A boa experiência que tive é que nunca atrasaram um dia do meu salário. E olha que eu tinha um contrato muito bom para segunda divisão! Os gringos são gente muito boa. Quando jogava por aqui, receber em dia era exceção...

Quase fui para o Inter, mas o esquema do futebol é uma máfia. O meu empresário não era uma pessoa tão influente e a transferência acabou furando. No fim até foi bom para mim, menos de um ano depois comecei a jogar no Corinthians.

Ali sim que o meu contrato era bom. Lá que eu vi o que era viver bem. Mas não durou muito, infelizmente. Machuquei meu joelho num treino. O certo era fazer cirurgia, mas a temporada tava pra começar e eu era muito novo no time. A pressão era muito grande para eu começar a mostrar porque eu ganhava aquela grana toda – para mim era muito dinheiro!

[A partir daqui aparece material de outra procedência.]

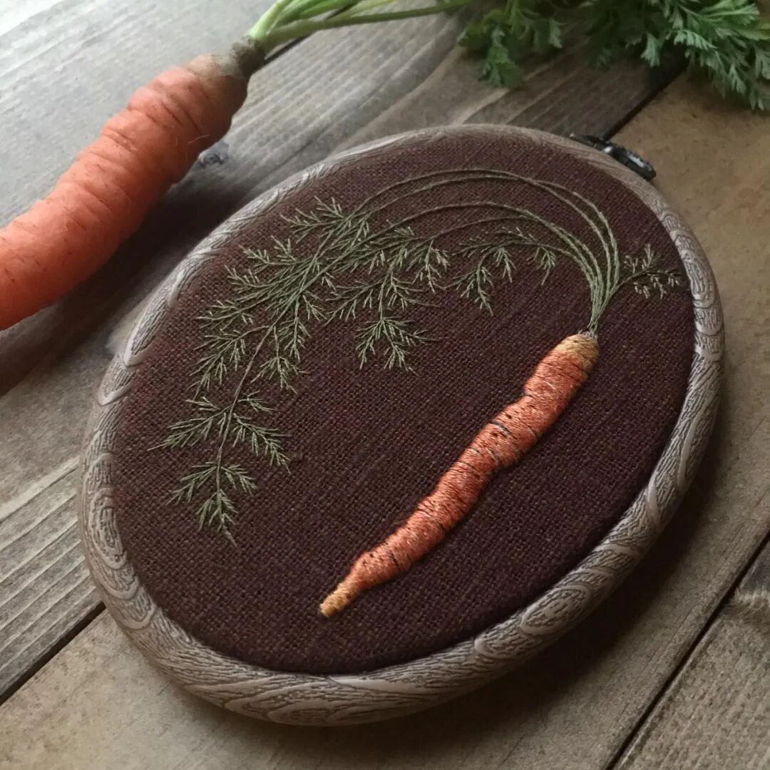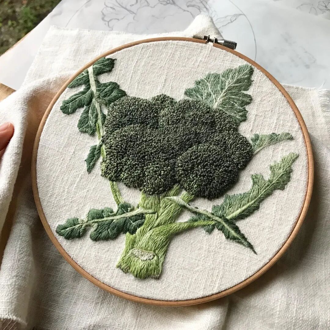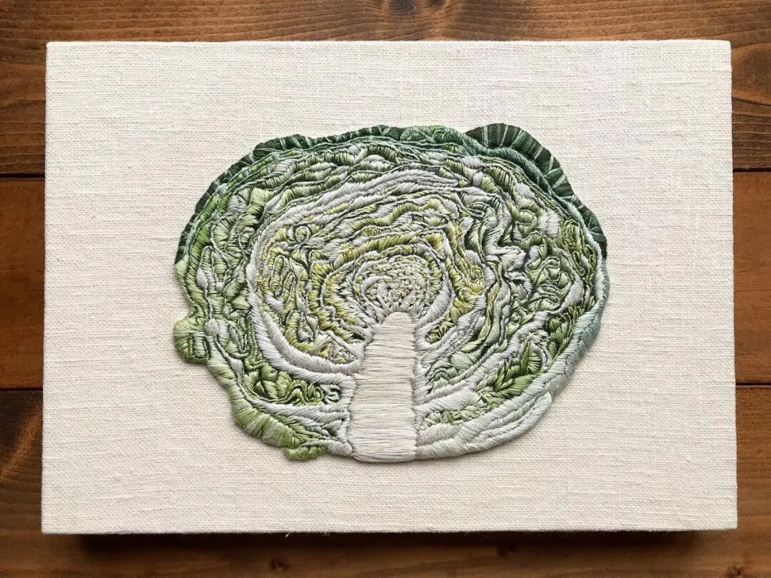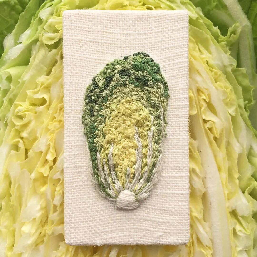 天分加上努力,让这位艺术家很快就形成了自己的刺绣风格,并被人们接受和喜爱。她的蔬菜刺绣作品非常多,但是几乎都是我们很常见的,比如香菇、大葱、白菜、萝卜等等,琳琅满目,她以真实的蔬菜为原型,几乎是一比一还原,我们可以看到卷曲的菜叶,也能看到刚刚出土的菜根,栩栩如生,看起来就像真正的蔬菜一样。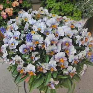 こんにちは♪ 待ちに待ったお花の開花はどんよりとした天候を吹き飛ばしてくれます٩(๑❛ᴗ❛๑)۶ ❶種蒔きっ子のミルフル 蕾は紫💜ですが咲いたら🧡💛 花友さんから頂いたベロニカウォーターペリーブルー🩵 小さくて可愛い😍 メゾンドビオラと一緒に💕 ❷モリモリになって来た我が家のパンビオちゃん達 ⭐︎シエルブリエ ⭐︎みやび ⭐︎evolveストライプ ⭐︎オスカースマイル ⭐︎春マンボー ⭐︎ときめきビオラ ⭐︎ライラックウィング(種蒔きっ子) ⭐︎フェデネージュクレープ ⭐︎ローブドゥアントワネット

Joguei duas partidas infiltrado e aí sim o meu joelho estourou. Senti na pela aquele ditado que “o que vem fácil vai fácil”. Como meu contrato era novo, tinha umas cláusulas de experiência. Fui demitido sem eles nem me darem explicação. Pô, vejo um monte de gente ficar no banco. Comigo foi diferente.

O pior é que me estraguei – nunca mais consegui jogar futebol profissional. Até as peladas que jogo por aqui só agüento 10 minutos e tenho que sair quase carregado.

Usei o dinheiro que Deus me deu nesses anos de futebol e comprei esse bar e uma lanchinha – foi tudo o que sobrou. Agora vivo do turismo. Não dá para me queixar, mas não consigo mais nem chegar perto do nível de vida que tinha jogando na segunda divisão. A vida tem um monte de surpresas para nós!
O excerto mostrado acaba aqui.